Goal of the exercise: The listing is to be printed word for word, pictures omitted.

Information supplied:

------

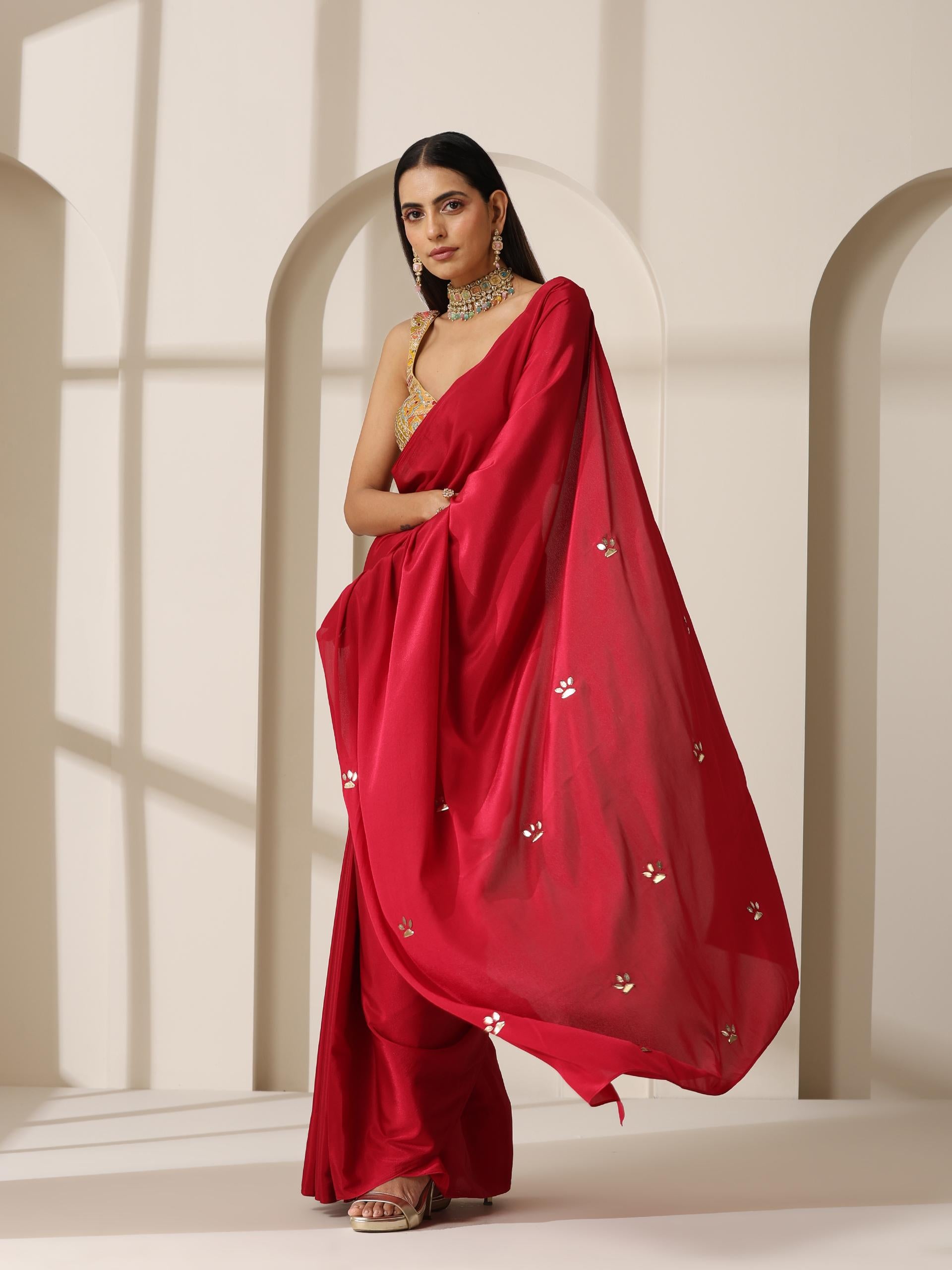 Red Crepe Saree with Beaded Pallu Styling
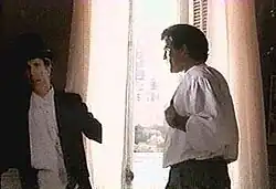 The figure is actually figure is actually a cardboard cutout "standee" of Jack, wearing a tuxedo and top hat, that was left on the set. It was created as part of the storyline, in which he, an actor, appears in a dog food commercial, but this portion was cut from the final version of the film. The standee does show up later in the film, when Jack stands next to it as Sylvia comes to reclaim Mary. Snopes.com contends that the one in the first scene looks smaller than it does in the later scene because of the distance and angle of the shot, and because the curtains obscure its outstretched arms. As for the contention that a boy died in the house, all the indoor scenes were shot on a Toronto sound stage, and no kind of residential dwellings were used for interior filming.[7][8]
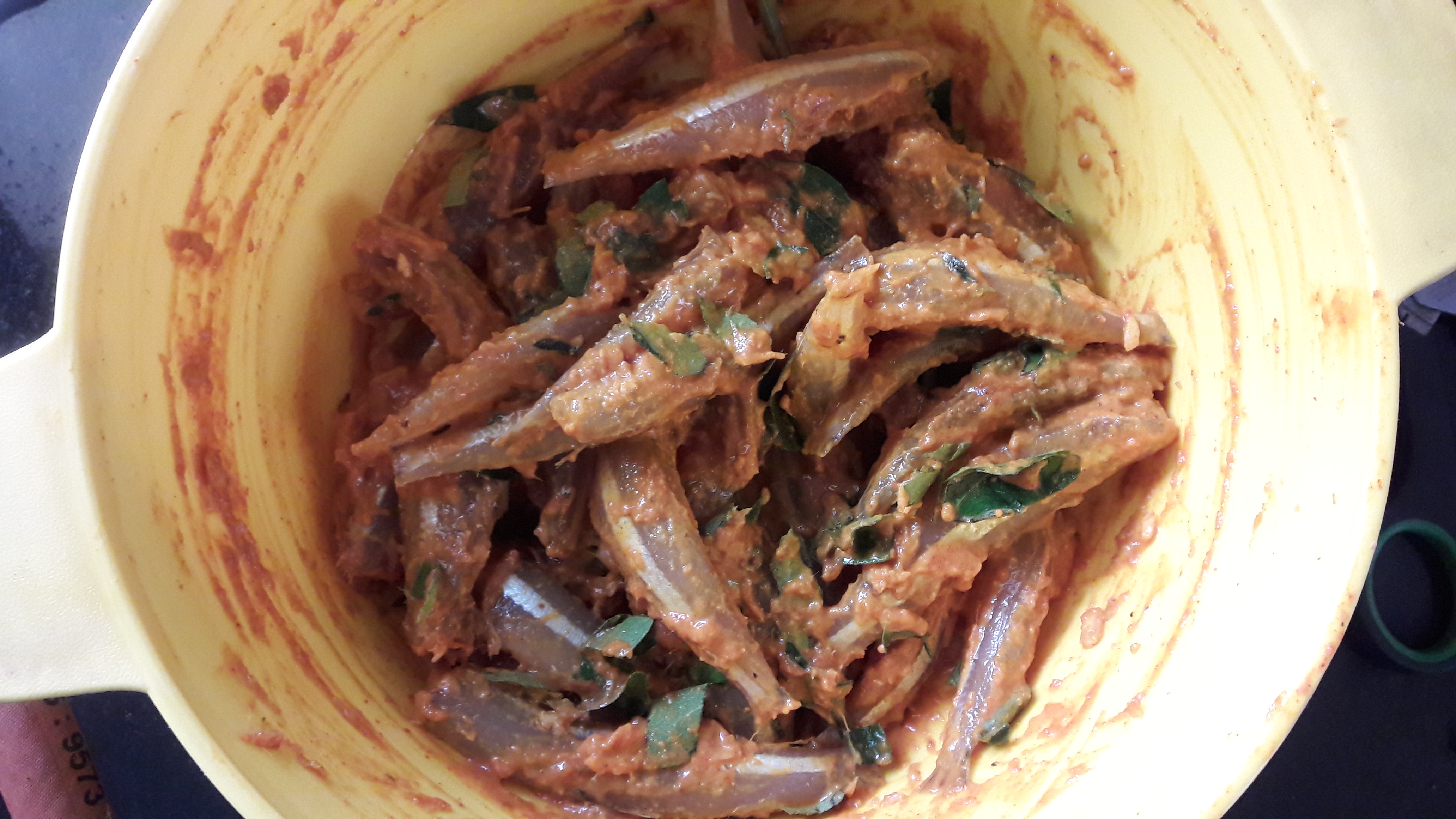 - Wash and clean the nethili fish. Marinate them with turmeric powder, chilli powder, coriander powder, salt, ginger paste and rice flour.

------

Written response:
 Red Crepe Saree with Beaded Pallu Styling
 The figure is actually figure is actually a cardboard cutout "standee" of Jack, wearing a tuxedo and top hat, that was left on the set. It was created as part of the storyline, in which he, an actor, appears in a dog food commercial, but this portion was cut from the final version of the film. The standee does show up later in the film, when Jack stands next to it as Sylvia comes to reclaim Mary. Snopes.com contends that the one in the first scene looks smaller than it does in the later scene because of the distance and angle of the shot, and because the curtains obscure its outstretched arms. As for the contention that a boy died in the house, all the indoor scenes were shot on a Toronto sound stage, and no kind of residential dwellings were used for interior filming.[7][8]
 - Wash and clean the nethili fish. Marinate them with turmeric powder, chilli powder, coriander powder, salt, ginger paste and rice flour.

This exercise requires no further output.